After the Pulaski Irrigating Ditch was constructed in 1886, the Denver, Texas & Fort Worth Railroad Company-laid out' its line which crossed the ditch at various points along its general direction. In crossing the ditch the railroad company built divers bridges. The construction of the bridges in their permanent form offered obstruction to the free flow of the water which caused the deposit of sediment and in other ways the bridges occasioned some general damage to the ditch. The ditch company brought suit against the railroad corporation to recover damages for these alleged wrongs, and in some particulars sought injunctive relief. The case was several times tried and invariably resulted in a verdict adverse to the railroad company. One of these judgments was reversed by the supreme court, and the last trial in which the ditch company obtained a verdict has come here on error. These numerous trials and adverse judgments render it to the interest not only of the litigants, but of the general public, that there should be an end to the litigation. The importance and controlling force of this principle has been often recognized. Guided by it, we are not only at liberty, but are required to weigh the objections urged against the validity of the judgment with great care, resolve the matters of uncertainty against the judgment defendant, and uphold the verdict, unless we are thoroughly satisfied that some error was committed by the trial court, which as a matter of right entitles the railroad company to a new trial. Proceeding along these lines, we will state the case and formulate our conclusions.

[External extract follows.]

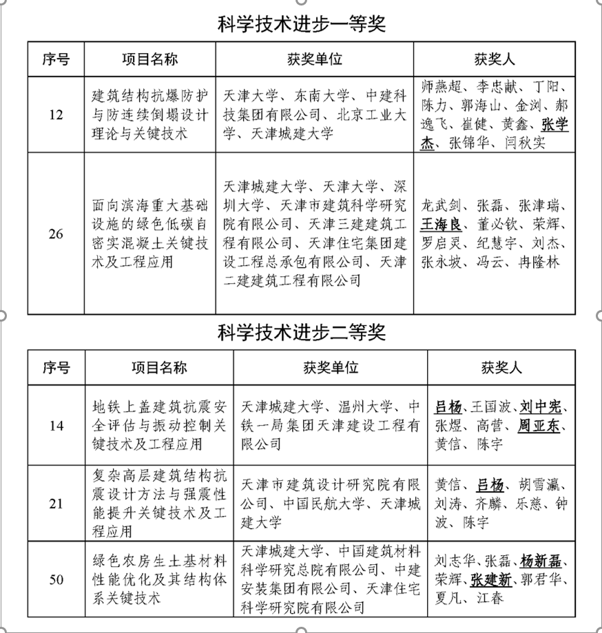 近日,天津市人民政府办公厅发布了《天津市人民政府关于颁布2021年度天津市科学技术奖的决定》。我院共有5项科技成果获奖,其中我院教师牵头获科技进步二等奖1项,参与获科技进步一等奖2项、二等奖2项。获奖名单如下:

That question is based on an instruction to the jury with reference to the view which the jury had of the locus in quo, and what might be called the subject-matter of the controversy. Of course it is not insisted that the court erred in sending the jury out to look at the premises, but only that the court permitted the jury to unduly use what information they may have obtained by their inspection. Generally, the court told the jury they must find plaintiff’s damages from the preponderance of the evidence introduced, together with their observations of the property, and as it was qualified in the last part of the instruction the court substantially told them that they had a right to take into consideration what they had observed, and consider it as they considered the testimony of the witnesses produced before them. As will be apparent to any one who has had occasion to examine the question the instruction opens up a very considerable field for discussion. The authorities are not in unison on the question, and while the matter has been the subject of considerable judicial consideration, it may be said there are three different lines of authorities. According to one view, what the jury may observe when sent out to view the premises in dispute, can under no circumstances become evidence, nor are the jury entitled to take it into consideration otherwise than as affording them means to better understand and apply the testimony which has been produced. According to another, what may perhaps be metaphorically termed “mute” evidence may be used by the jury in reaching their conclusion, like any other evidence offered, and under some circumstances it may even be taken as determinative of the dispute to the exclusion of the parol testimony. The middle line permits the jury to use their observations as evidence, but not as preponderating, and in order to uphold the verdict as supported by testimony, the conclusions of the jury must measurably at least be supported by what actually appears in the record.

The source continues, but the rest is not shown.